Bálványos is a village in Somogy County, Hungary.

==Etymology==
Its name derives from the Hungarian word bálvány (idol), which could mean also a stone column. According to legends it was a place for pagan idolatry.

==Geography==
It lies in the northern part of Outer Somogy, south of Gyugy-hát (311 m) (the third highest hill in Somogy County) in a valley. Lake Balaton is 10 km north of the village. It can be reached by car from the M7 Motorway. Neighbouring villages are Kőröshegy, Zala, Lulla, Balatonendréd, Kereki and Pusztaszemes.

==History==
Bálványos and its surroundings could have been inhabited even before the Hungarian conquest of the Carpathian Basin, as evidenced by bronze fibula found in its territory. According to the legend, the place offered refuge to Koppány's fleeing armies. The settlement was first mentioned in 1001, in the Establishing charter of Pannonhalma Abbey as Baluvanis. Later in the Establishing charter of the abbey of Tihany in 1055, it was written as Baluvana and was known as a field suitable for grazing horses.

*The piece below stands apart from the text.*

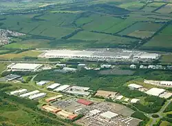 West Lothian has no airport or airfields in current operation.[60] The county has a few historic airfields, now defunct, including a temporary airfield that once existed in Bathgate.[61] While the village of Kirknewtown is inside West Lothian, the nearby RAF Kirknewton airfield lies inside the boundary of Edinburgh.[62] The nearest airport in operation to West Lothian is Edinburgh Airport.

The village was donated by King Saint Stephen to Pannonhalma Abbey and it appears also in official documents of King Saint Ladislaus among the sub-estates in Somogy County. The Bull of Pope Gregory IX from 1232 also mentions it. The Lőrinte genus and the Diocese of Székesfehérvár had properties here in 1229. In 1358 it belonged to Tihany Abbey. The Johanniter of Vrana had fields there in 1431. The Bálványosi de Nagypó family and the Johanniter of Székesfehérvár both had possessions there in 1473. György Bálványosi died in 1488 without an heir so Orbán Nagylucsei, the Bishop of Eger and his brothers as well as Bernát Somogyi de Endréd acquired it as royal gift. In 1512 part of Bálványos was given to Imre Perneszis son Imre by Vladislaus II of Hungary. János Török de Enying invited Protestant peasants to Bálványos in 1545.

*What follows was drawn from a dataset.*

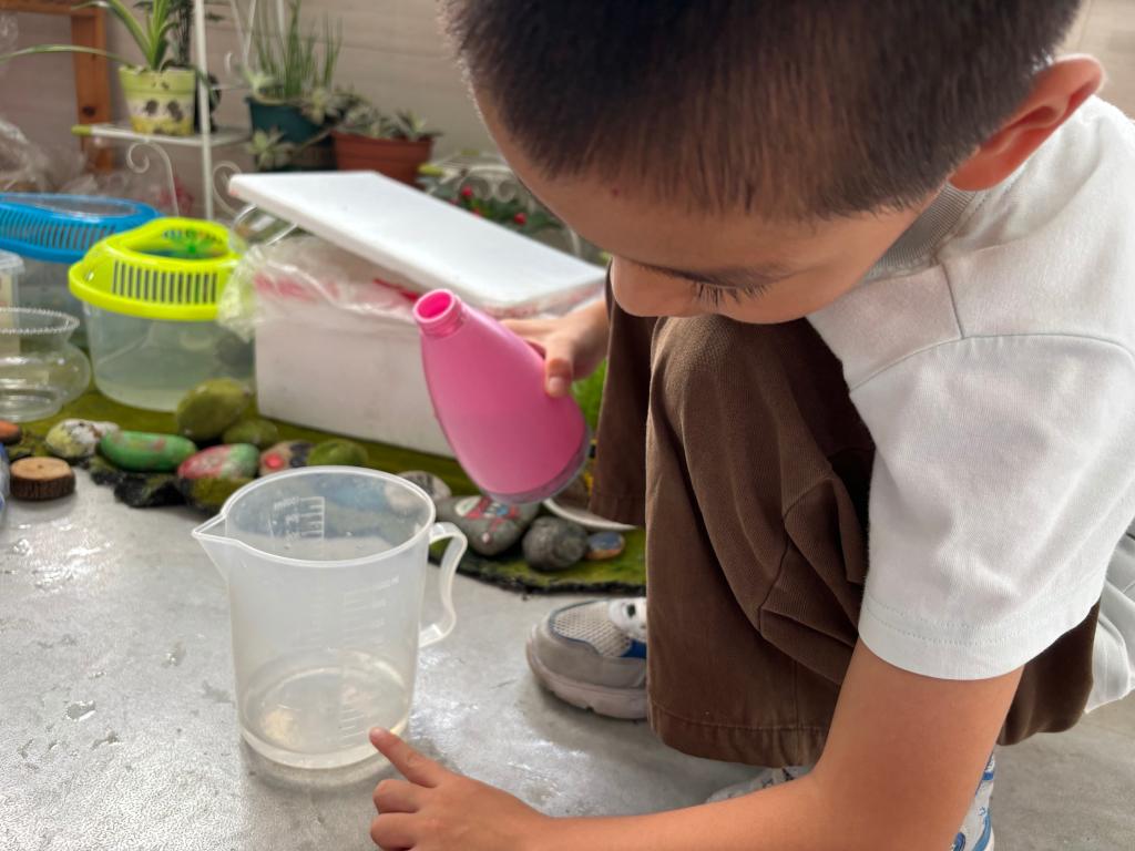《指南》中指出,科学领域中,5 - 6 岁幼儿“初步感知生活中数学的有用和有趣”,文乐使用量杯准确量取 50ml 水,并均匀分配到三个小盆中,这一行为表明幼儿能够理解量的概念,并进行简单的测量和分配操作,对数量关系有了一定的感知,符合该年龄段幼儿数学认知能力的发展要求。

After the Turkish occupation during the 18th century the settlement started to develop faster. At that time it had 300 inhabitants. In 1848, under the leadership of the village notary, 69 men became militiamen. After the Revolution and War of Independence of 1848-49, the Viennese Satzger family created a grange and built several houses in the village. According to some sources in 1866 the first kindergarten of Somogy County opened in Bálványos, although according to another source, in 1867, the first one was founded in Berzence.

In 1910, it had 1319 inhabitants of which 1303 were Hungarian. According to their religious affiliation there were 440 Roman Catholics, 837 Calvinists, 30 Lutherans.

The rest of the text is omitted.